■ Your assignment:
Leaving all pictures aside, copy exactly the lines from the start of the listing below through the line that contains "Откидные (б) и", and only those lines.

■ Data provided:
===============
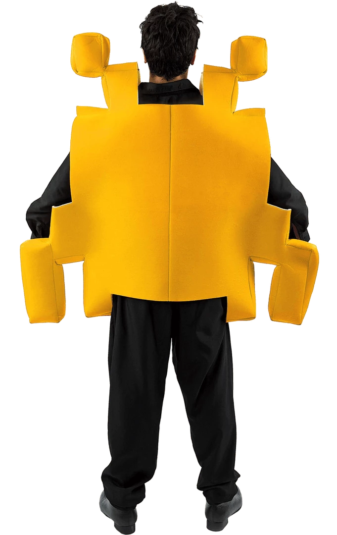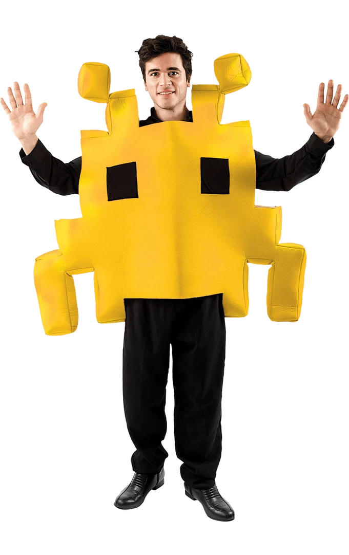 Get ready to fire in the Adult Yellow Space Arcade Game Costume! This costume includes a yellow overall with holes for head, arms and legs.
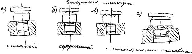 Откидные (б) и отводные (в) упоры применяются в тех случаях, когда форма деталей при конструкциях изделия не позволяет свободно снять его после прихватки с приспособления. Длина рабочей части упоров должна быть не меньше 2-х толщин фиксируемой детали. В качестве вспомогательных опор могут применяться самоустанавливающиеся одноточечные (ГОСТ 131159-67) и подводимые клиновые опоры.
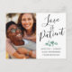 This simple but elegant custom wedding postponement postcard features a modern design template with your photo on the left and to the right it reads in hand lettered black script "Love is Patient" with your names and message to personalise accented by a sprig of eucalyptus greenery. On the back of the postcard is more details of your new wedding day to customise. Best of wishes for your engagement and wedding! Designed by Susan Coffey.
===============
■ Result for this task:
 Get ready to fire in the Adult Yellow Space Arcade Game Costume! This costume includes a yellow overall with holes for head, arms and legs.
 Откидные (б) и отводные (в) упоры применяются в тех случаях, когда форма деталей при конструкциях изделия не позволяет свободно снять его после прихватки с приспособления. Длина рабочей части упоров должна быть не меньше 2-х толщин фиксируемой детали. В качестве вспомогательных опор могут применяться самоустанавливающиеся одноточечные (ГОСТ 131159-67) и подводимые клиновые опоры.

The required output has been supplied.